| ← Previous race | Next race → |
- The Hungaroring after being modified in 2003.

Race details
- Date: 15 August 2004
- Official name: Formula 1 Marlboro Magyar Nagydíj 2004
- Location: Hungaroring, Mogyoród, Pest, Hungary
- Course: Permanent racing facility
- Course length: 4.381 km (2.722 miles)
- Distance: 70 laps, 306.663 km (190.552 miles)
- Weather: Warm, dry and sunny, Air: 26 °C (79 °F), Track 42 °C (108 °F)

Pole position
- Driver: Michael Schumacher; / Ferrari
- Time: 1:19.146

Fastest lap
- Driver: Michael Schumacher / Ferrari
- Time: 1:19.071 on lap 29

Podium
- First: Michael Schumacher; / Ferrari
- Second: Rubens Barrichello; / Ferrari
- Third: Fernando Alonso; / Renault

= 2004 Hungarian Grand Prix =

The 2004 Hungarian Grand Prix (officially known as the Formula 1 Marlboro Magyar Nagydíj 2004) was a Formula One motor race that took place on 15 August 2004 at the Hungaroring, Mogyoród, Pest, Hungary. It was the thirteenth round of the 2004 FIA Formula One World Championship.

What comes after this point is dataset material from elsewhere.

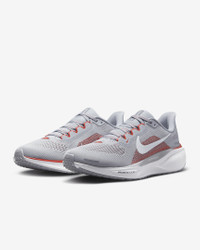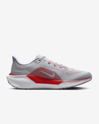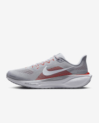 Responsive cushioning in the Pegasus provides an energized ride for everyday road running. Experience lighter-weight energy return with dual Air Zoom units and a ReactX foam midsole. Plus, improved engineered mesh on the upper decreases weight and increases breathability. Benefits - Upgraded breathable engineered mesh upper - ReactX foam midsole surrounds forefoot and heel Air Zoom units for an energized ride. - Signature waffle-inspired rubber outsole for traction and flexibility - Plush collar tongue and sockliner for a secure and comfortable fit - What's new? All-new ReactX foam midsole is 13% more responsive than previous React technology. - Crafted for performance and planet, ReactX foam is engineered to reduce its carbon footprint by at least 43% in a pair of midsoles due to reduced manufacturing process energy compared to prior React foam. The carbon footprint of ReactX is based on cradle-to-gate assessment reviewed by PRe Sustainability B.V and Intertek China. Other midsole components such as airbags, plates or other foam formulations were not considered. Product Details - Weight: Approx. 297 g/10.4 oz (Men's US 10) - Heel-to-toe drop: 10 mm - MR-10 Last - Our best, most consistent fit (same as Pegasus 40) - Reflective details - Not intended for use as Personal Protective Equipment (PPE) - Shown: Wolf Grey/White/Team Crimson/White - Style: FZ5105-001

Michael Schumacher of Scuderia Ferrari took pole position for the race and went on to take the race win ahead of teammate Rubens Barrichello and Fernando Alonso of Renault. It was Schumacher's twelfth win of the season and his seventh in succession, equalling Alberto Ascari's record. Ferrari's one-two finish meant that they secured their sixth consecutive Constructors' Championship.

==Background==
Across the weekend of 13–15 August, the Hungaroring in Mogyoród hosted a Formula One Grand Prix for the nineteenth time in the circuit's history, with it being the nineteenth Hungarian Grand Prix as a round of the Formula One World Championship as well. It was the thirteenth round of the 2004 Formula One World Championship.

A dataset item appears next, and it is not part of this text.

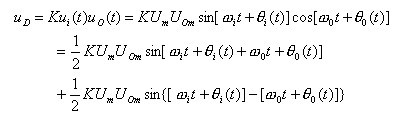 式中的ω0為壓控振蕩器在輸入控製電壓為零或為直流電壓時的振蕩角頻率,稱為電路的固有振蕩角頻率。則模擬乘法器的輸出電壓uD為:

===Championship standings before the race===
Going into the weekend, Michael Schumacher led the Drivers' Championship with 110 points, ahead of Scuderia Ferrari teammate Rubens Barrichello on 74 points and BAR's Jenson Button on 65. Ferrari were leading the Constructors' Championship with 184 points, from Renault (85 points) and BAR (76).

===Driver changes===
Cristiano da Matta was dropped by the Toyota team because of his poor performance relative to teammate Olivier Panis. He was replaced by the team's third driver Ricardo Zonta but would stay on to perform marketing work while Toyota test driver Ryan Briscoe assumed Zonta's former position.

==Practice==
Four free practice sessions were held for the event. The first session on Friday was topped by the Ferraris of Michael Schumacher and Rubens Barrichello, ahead of Anthony Davidson, third driver for BAR. McLaren's Kimi Räikkönen set the fastest time in the second session, ahead of Michael Schumacher and Juan Pablo Montoya of Williams.

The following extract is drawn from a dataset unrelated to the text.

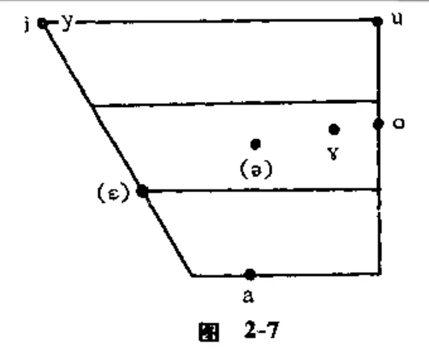 根据上面的描写,普通话舌面单元音在元音舌位图中的位置大致如图 2-7 所示。图中各元音的位置只是代表舌位的大致范围。由于说话人的习惯不同,普通话有的单元音舌位存在着个人读音差异。例如,有人读[y]时舌位略低一些,有人读[ɤ]时舌位略后一些。**低元音[a]的个人读音差异更要大,严式音标应该是[ᴀ],**有人舌位靠前,有人舌位靠后,但基本上都不出央元音的范围,图 2-7 采用了舌位靠前的读法。

On Saturday, Schumacher again set the quickest time in the third practice session, ahead of Williams drivers Antônio Pizzonia and Montoya. Finally, Jenson Button was fastest in the fourth session in his BAR, ahead of Schumacher and Barrichello.

===Friday drivers===
The bottom 6 teams in the 2003 Constructors' Championship were entitled to run a third car in free practice on Friday. These drivers drove on Friday but did not compete in qualifying or the race.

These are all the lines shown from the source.